>>

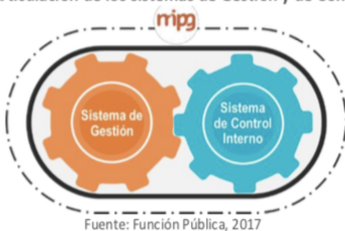
Gráfico 1. Articulación de los sistemas de Gestión y de Control Interno

El Modelo Integrado de Planeación y Gestión, surge para las entidades de la rama ejecutiva del poder público mediante el Decreto 1083 de 2015, modificado posteriormente mediante el Decreto Presidencial 1499 de 2017, donde surge la integración entre el Sistema de Gestión de Calidad con el Sistema de Desarrollo Administrativo en un único Sistema de Gestión y su articulación con el Sistema de Control Interno .
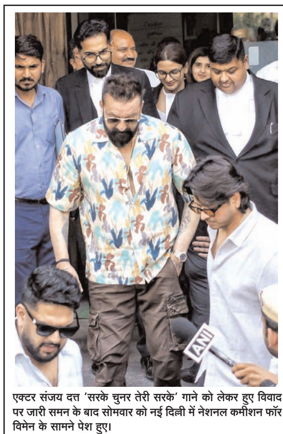
एक्टर संजय दत्त 'सरके चुनर तेरी सरके' गाने को लेकर हुए विवाद पर जारी सामन के बाद सोमवार को नई दिल्ली में नेशनल कमीशन फॉर विमेन के सामने पेश हुए।
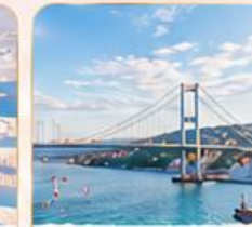
BOSPHORUS STRAIT ช่องแคบบอสฟอรัส
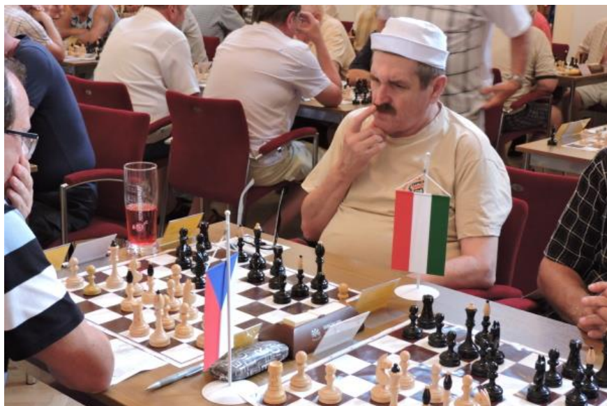
To byl ale dobrý tah!

<<

TASK OBJECTIVE: Reproduce, word for word, the lines from the one containing "BOSPHORUS STRAIT ช่องแคบบอสฟอรัส" through the final line above. Leave every picture out.

ANSWER TO THE EXERCISE:
BOSPHORUS STRAIT ช่องแคบบอสฟอรัส
To byl ale dobrý tah!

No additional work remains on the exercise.